If someone didn’t like the politics at least they might get a free slice of watermelon out of the experience. Oh, for the days of Huey Long speaking alongside the Evangeline Oak and delivering Louisiana’s all-time greatest political speech: He referred to the tears that Evangeline shed waiting for her lost lover, but then Huey pleaded to the crowd to give him the chance to dry their tears from their despair.

Nowadays politics is too refined to be fun. Candidates, the serious ones, work from a playbook that tells them to exploit buzz phrases, avoid serious discussions on issues and minimize debates.

Television is the new public rally: short and punchy and calculated to respond to what is needed at any given moment. Go on the attack if your opponent is getting too strong; show yourself frolicking with the family and the dogs when you need to look wholesome.”

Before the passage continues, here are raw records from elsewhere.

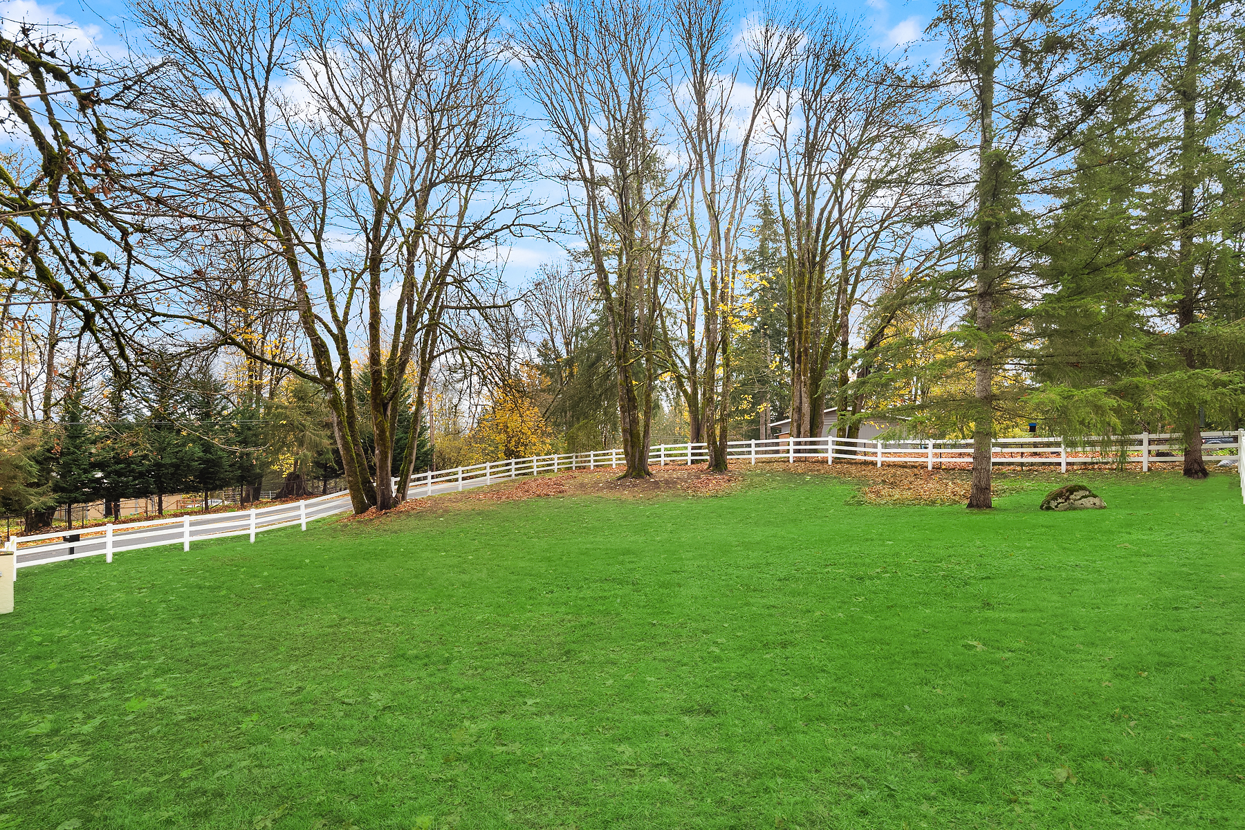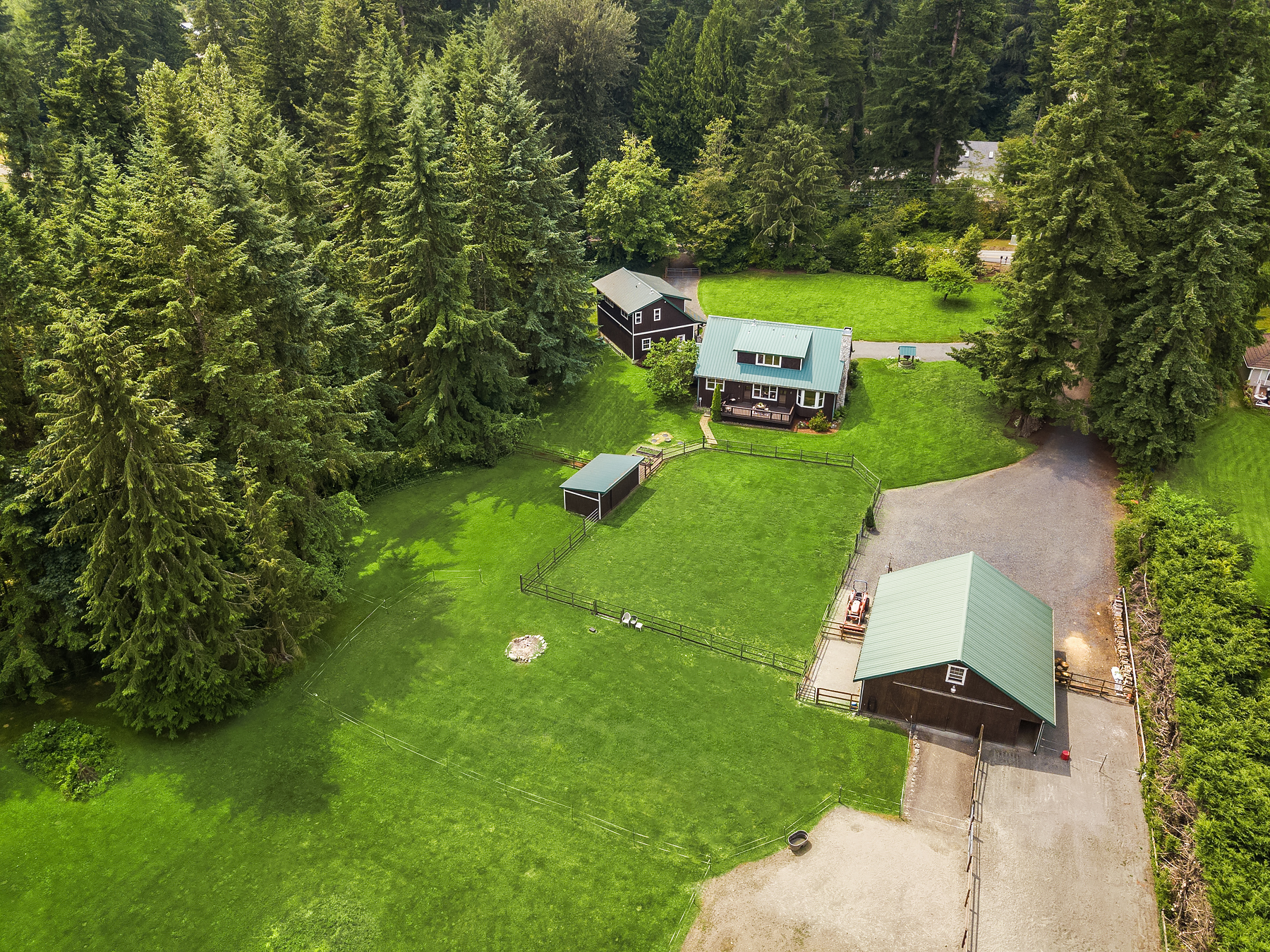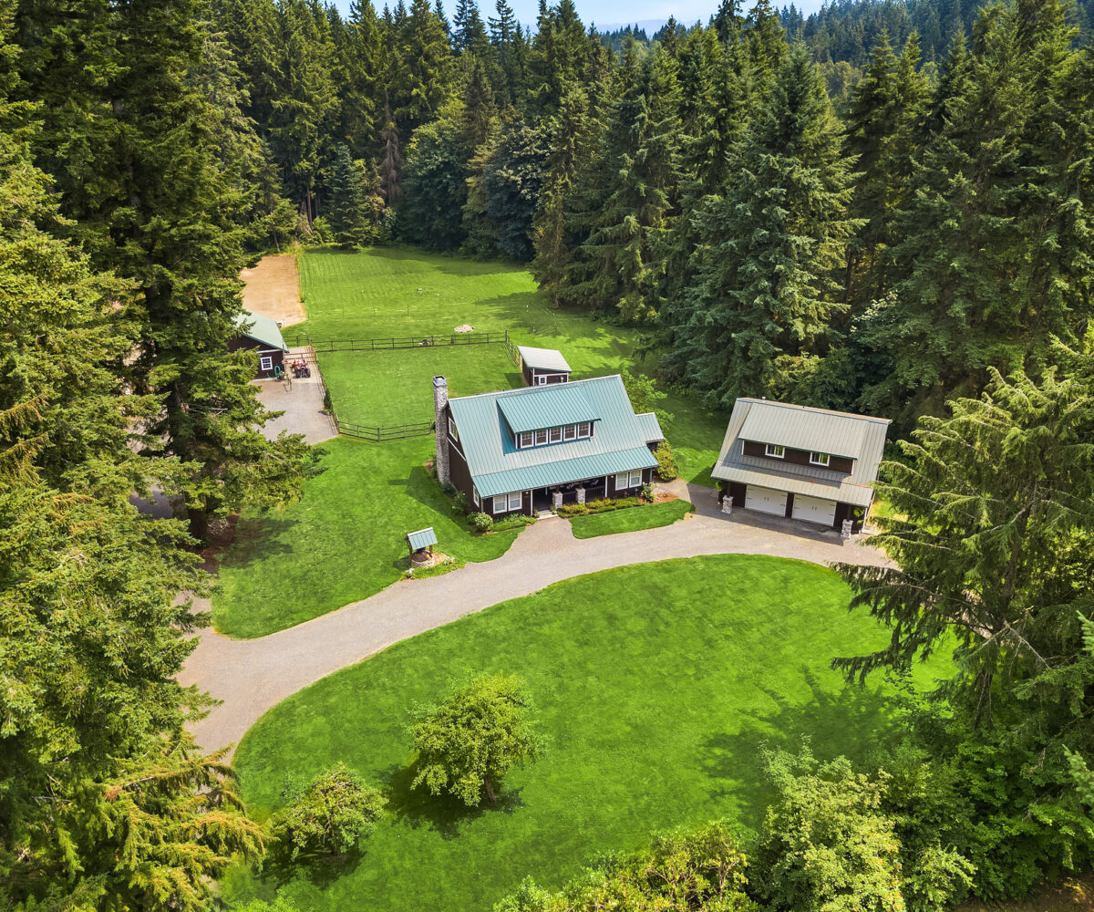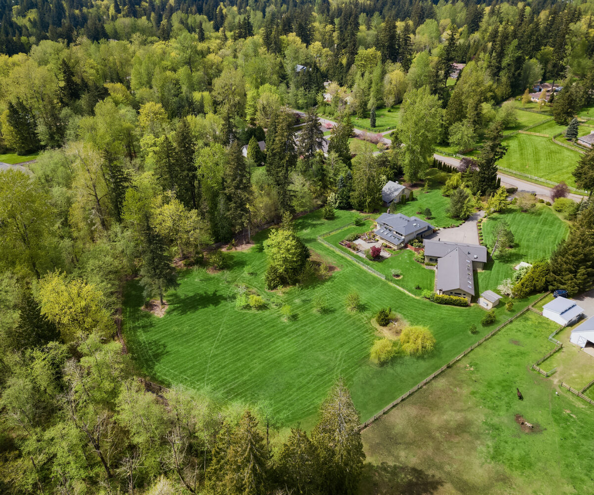 On the Park at Pikes Peak, Bridle Trails. A timeless Northwest design blends harmoniously on this 1 acre setting. Floor to ceiling window walls allow the outside in with a forested backdrop and uncompromised privacy. Sensational style with rich finishes, wood beamed ceilings and unique spaces throughout the home making this property one of a kind. Sprawling lawns, parked out grounds and 3 stall barn with tack room and fenced paddock. Idyllic location down a quiet dead end street and direct trail access from your property. Enjoy a tour of the home: https://my.matterport.com/show/?m=MkucD8LBhqq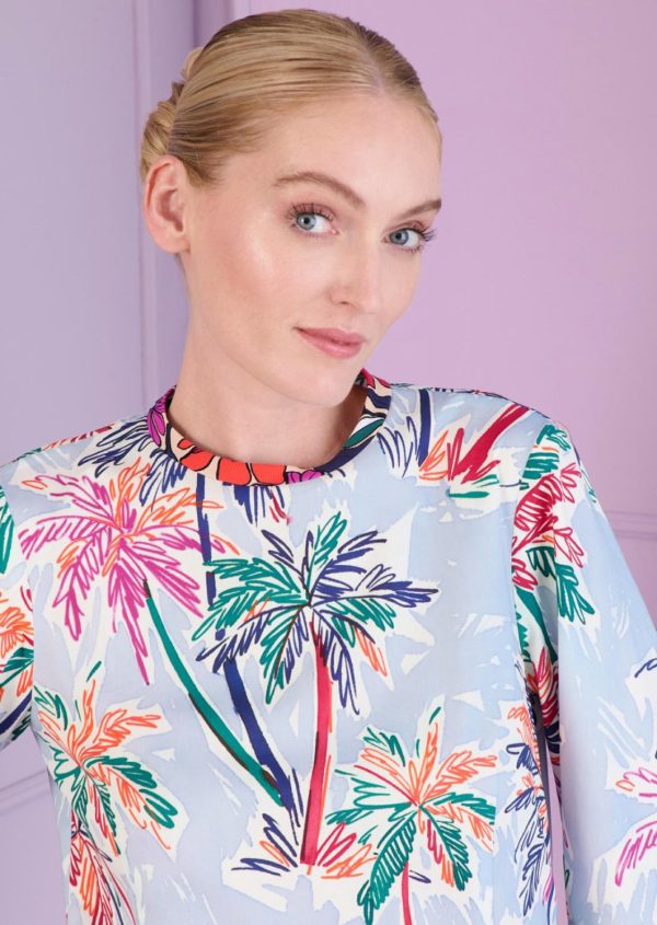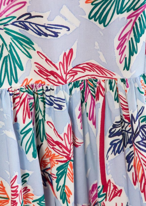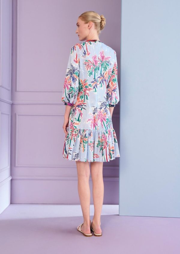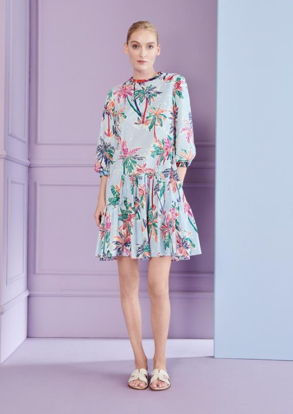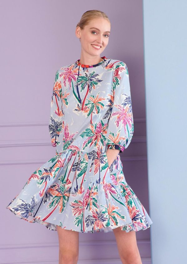 this day dress with its casual and relaxed flair will inspire you. the leightweight fabric, the fresh palmtree print, the wide blousy sleeves and the wider cut are already enough to appeal, and the clever construction of the dress creates a soft volant at the front. deep side pockets add a dash of cool understatement. wear this summer dress with flats during the day in the city, but also with pumps at the next family celebration.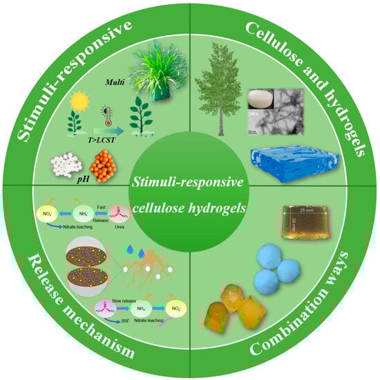 Nowadays, the green, biodegradable and renewable polymers (e.g., cellulose [11], lignin [12], starch [13], chitosan [14], etc.) have been used to prepare SRF under the “carbon peaking and carbon neutrality” strategy. They greatly reduce the production costs, simplify the manufacturing process, and solve the environmental problems caused by excess by-products. Some factors should be considered during the design procedure as follows: (a) to load sufficient nutrients; (b) the safety, efficiency and biodegradability of designed material; (c) no interference towards vegetation germination [15]; and (d) to release the fertilizer according to the stimulation of plant growth stages [3]. As a polymeric compound widely found in plant cell walls, cellulose has been considered as the most abundant and renewable material on earth [16]. It contains abundant functional groups, exceptional mechanical properties and high chemical modifiability. Moreover, cellulose could be produced into fibrous forms at the micro/nanometer size scale, which becomes a promising candidate for the fabrication of hydrogels in recent years [17,18,19,20,21]. Cellulose-based hydrogels can be prepared by physically crosslinking the cellulose molecules, or by chemically and/or physically crosslinking the cellulose derivatives [22]. The attractive properties of cellulose and its derivatives (e.g., ethylcellulose, cellulose acetate, methylcellulose, etc.) contain properties of biodegradability, biocompatibility, nontoxicity and functionality, which have motivated scientists and researchers worldwide to develop the cellulose hydrogels for a variety of applications. Notably, cellulose also improves the mechanical strength and biodegradability of the composite hydrogel product, which has high potential as an agricultural-grade reinforcing material in the manufacture of environmentally friendly stimulus-responsive hydrogel, indicating its promising application in SRF [23].

Audiences react differently to televised debates simply because they are less interesting, and that is because the candidates are more manipulating. Any serious candidate knows that what you say is not as important as what you don’t say. They strive to avoid the “gaffe” – like the candidate who once forgot what his position was on an issue and instead of faking it, said so. It is the gaffe that will make the sound bite on TV and what everyone will be talking about the next day. Should a candidate come up with a brilliant plan for, lets say, coastal erosion, no one will remember it – too many words. Too many details – no gaffe.

This is not to say that listening to Uncle Earl howl was a better exercise in democracy, but at least you knew what you were getting. It was like buying boudin from the pot, rather than pre-packaged.

Some things are better served fresh.